Now, as I write this, I have only read the opening of Reid’s text, and I shall read it in its entirety after I have finished this post.  This requires some discipline on my part, because clearly it leads where I was supposed to go, and like all literature majors, I want to know the ending.  But today I want to try something different: I want to venture down this path blindfolded and see if I end up in a similar place.  Maybe it’s the anthropology major in me, finally exercising its desires after having been suppressed inside an English teacher for so long.

I enjoyed the supreme irony in Plato’s dialogue of Socrates and Phaedrus which prizes the oral and denigrates the written, even as Plato sees fit to commit that argument to writing.  I feel that most people still don’t see that, even now, in this moment, the “virtual world” is still very much organized around alphabetic technology: Writing.  Plato wrote his argument in the form of a dialogue between two people, who weren’t actually there discussing it; in so doing, he borrowed an oral form to get the idea into print.

Science-fiction has seen the future, and it is the cyborg: A human-machine hybrid, usually evil and unconcerned with the preservation of “unplugged” humanoids.  Like the Borg of Star Trek: The Next Generation, assimilation is the only evolution, “resistance is futile.” But what remains today is that our heroes resist against all odds and prevail, like the stories over the campfire millennia before us. Small bands of native resistance pop up, like that established by the singular Borg named Hugh who develops a soft spot for humans after spending time with them away from the Borg Collective, or the underground city appropriately named Zion from The Matrix films.  I ask now: Who’s borrowing from what here?

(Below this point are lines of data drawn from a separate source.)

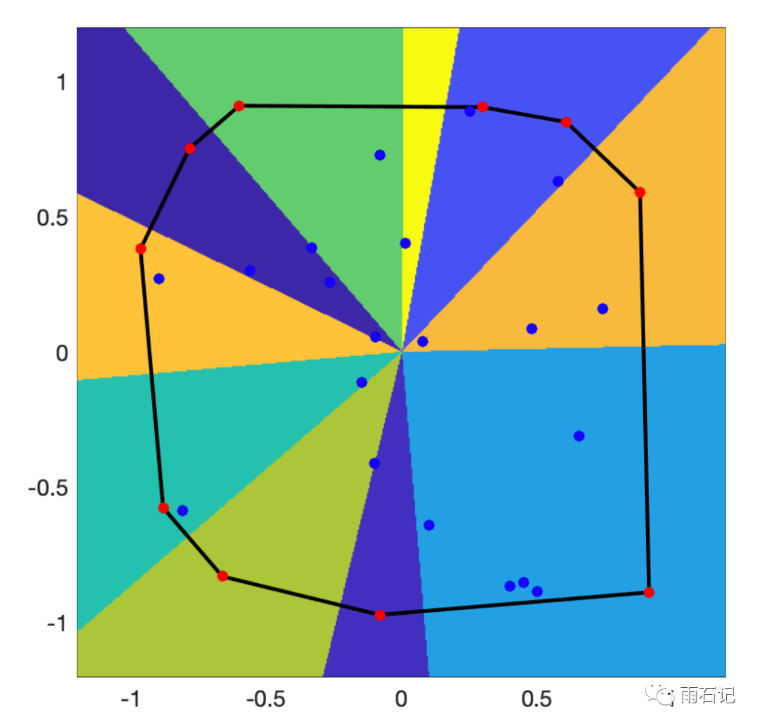 然后,大家在上一部分的内积的沃罗诺伊块的图上,会发现,ip-Delaunay上所使用的点是距离原点比较远的那一批,因而,在经过这个变换后,这些点都变成了距离原点比较近的那一批。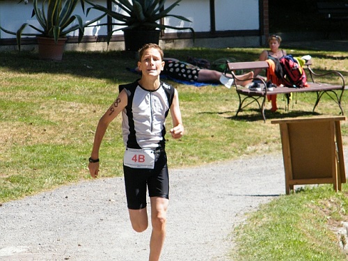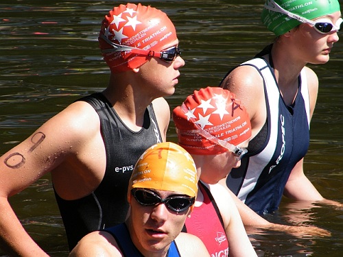 2 Jungen/ 1 Mädchen + 2 Mädchen /1 Junge – absolvierten jetzt die Hatz im A-B-C- System – immer in der Reihenfolge Schwimmen – Rad – Lauf. Vorsichtshalber hatten sich die Sportler ihre Reihenfolge auf den Handrücken geschrieben. Kommentar von außen: „…siehst du durch?…“; „…nee, aber die müssen's ja wissen!…“ Das völlige Durcheinander hat System! Schon nach dem 1. Durchgang waren die Leipziger vorn und bauten kontinuierlich die Führung aus. 2. war Klingenthal, 3. Riesa und knapp dahinter der Regionalsieger aus Dippoldiswalde/ Altenberg, die sich allerdings Einiges vorgenommen hatten.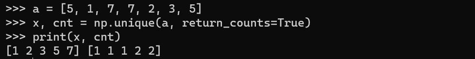 - 형식) unique(a, return_counts=True)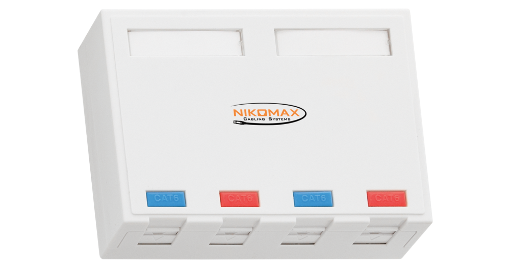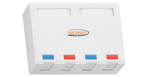 Коммутационные розетки являются составной частью горизонтальных подсистем СКС и предназначены для подключения оконечного оборудования на рабочих местах. Конструктивно розетки могут быть выполнены в двух вариантах: в виде законченного решения с впаянными в печатную плату портами RJ45 и IDC разъемами и в виде пластикового корпуса, в который отдельно устанавливаются коммутационные модули-вставки формата Keystone. Преимущество простых, пустых корпусов состоит в том, что туда могут быть установлены не только модули RJ45, но и любые другие, совместимые с форматом Keystone, в т.ч. телефонные, оптические и коаксиальные, в любой требуемой конфигурации. Корпуса розеток для настенного монтажа NIKOMAX – простое и удобное решение для монтажа сетей. NMC-MB4P-ST-WT - модели на 4 портов. Каждый порт данных розеток снабжен индивидуальной шторкой, защищающей контакты от оседания пыли. На корпусах предусмотрены дополнительные выламывающиеся окошки, позволяющие подвести кабели с любой стороны. Для удобства администрирования на всех крышках имеются площадки для маркировки и для установки цветных иконок.

It was tough for Plato to wrap his brain around what was happening to him in the moment he wrote that what is spoken is superior to print.  I think Henry David Thoreau’s rejection of the telegraph, at the same time as he perfected pencil manufacture (another tool) in order to keep himself writing at Walden Pond, is a similar sort of technology-related “brain fart.” I have a tough time trying to imagine a world where my son and his progeny will be human-computer cyborgs of anything but an evil kind.  This doesn’t mean it’s not going to happen, and probably (I hope) in ways that are not evil, but only different.  Although I’m sure my son would love to grow up to be Darth Vader or General Grievous, cyborgs of that other science-fiction juggernaut we geeks love so well.

Evolution, even technological evolution, takes time.  After I graduated from Cal in 1996 with the aforementioned degree in English and Anthropology, I tried my hand at learning to code HTML.  It was not pretty, and I couldn’t do it.  It it felt, for me, like my failure to master calculus as a freshman and subsequently giving up on being a vet, a doctor, or a chimpanzee researcher: I simply could not order my world that way.  I just wanted to communicate, and maybe ride the Web 1.0 to early retirement.  But now, fifteen years later, I can use what grew out of that desire to communicate and use the tools others built for me to use, and explore in this blog, and in my own blog, and in the blog I created for my students to use, and teach them to establish and use their own and those of their classmates.  And ultimately, I get to do what I was always pretty good at in the first place: Write.  But while I did have to wait, I didn’t have to wait very long, comparatively; I established my very first blog in 2001.  On an evolutionary timescale, that’s too small a period to measure. But on my personal timescale, that’s the period when I went from being unable to keep plants alive to having a son of my own.  I must have evolved! Or grown up.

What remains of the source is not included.